# random funny video of our youtube channel



## pandawillcry (Aug 8, 2011)

http://www.youtube.com/watch?v=T0kkg0RhHD4    this is the link 2 our video, watch it and troll your happy lil asses off.


----------



## Antonin Scalia (Aug 8, 2011)

wash your hair


----------



## Commiecomrade (Aug 8, 2011)

Somebody please lock this, it's depressing me.


----------



## Sarcastic Coffeecup (Aug 8, 2011)

This totally belongs to Lynx plox.


----------



## Fay V (Aug 8, 2011)

I hate being up at this time of night with so little power.
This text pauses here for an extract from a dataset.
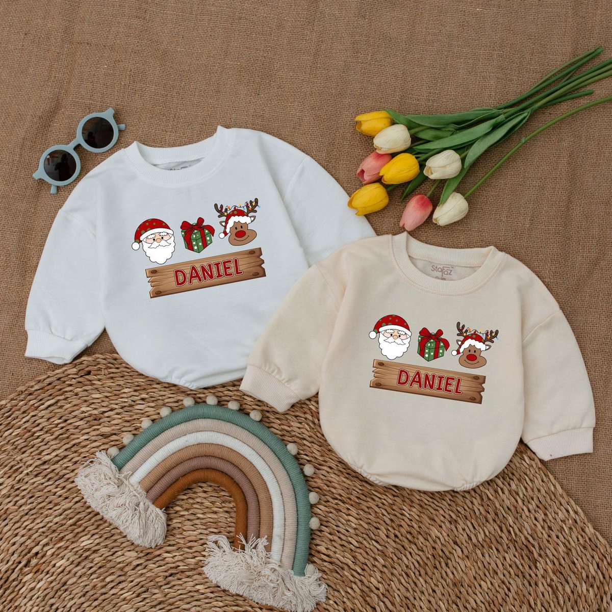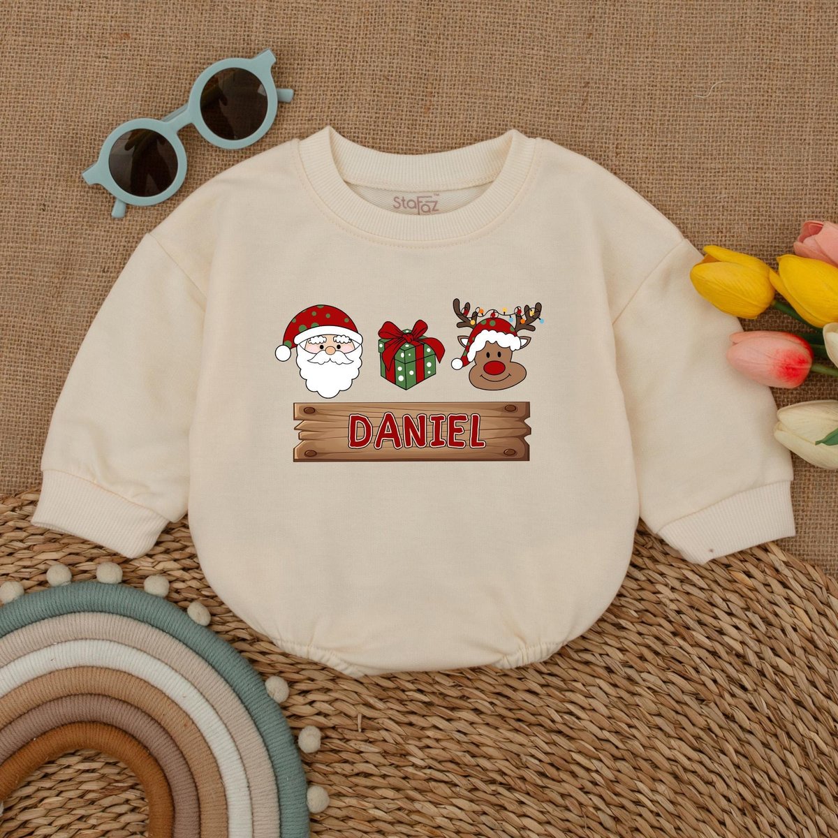 Personalized Christmas Baby Romper Cute Reindeer Baby Bodysuit Baby Christmas Outfit My First Christ 179

Anyway it's been reported. 

Aquaman away!


----------



## Randy-Darkshade (Aug 8, 2011)

Sarcastic Coffeecup said:


> This totally belongs to Lynx plox.



No, this doesn't even belong on the forums, period.


----------



## Sarcastic Coffeecup (Aug 8, 2011)

Maybe you're right 
/derp


----------



## ramsay_baggins (Aug 8, 2011)

Moving to Lynx Plox


----------



## pandawillcry (Aug 17, 2011)

for your information i washed my hair like 45 mins b4 making this video.


----------



## Randy-Darkshade (Aug 17, 2011)

pandawillcry said:


> for your information i washed my hair like 45 mins b4 making this video.



I didn't even bother watching the video.


----------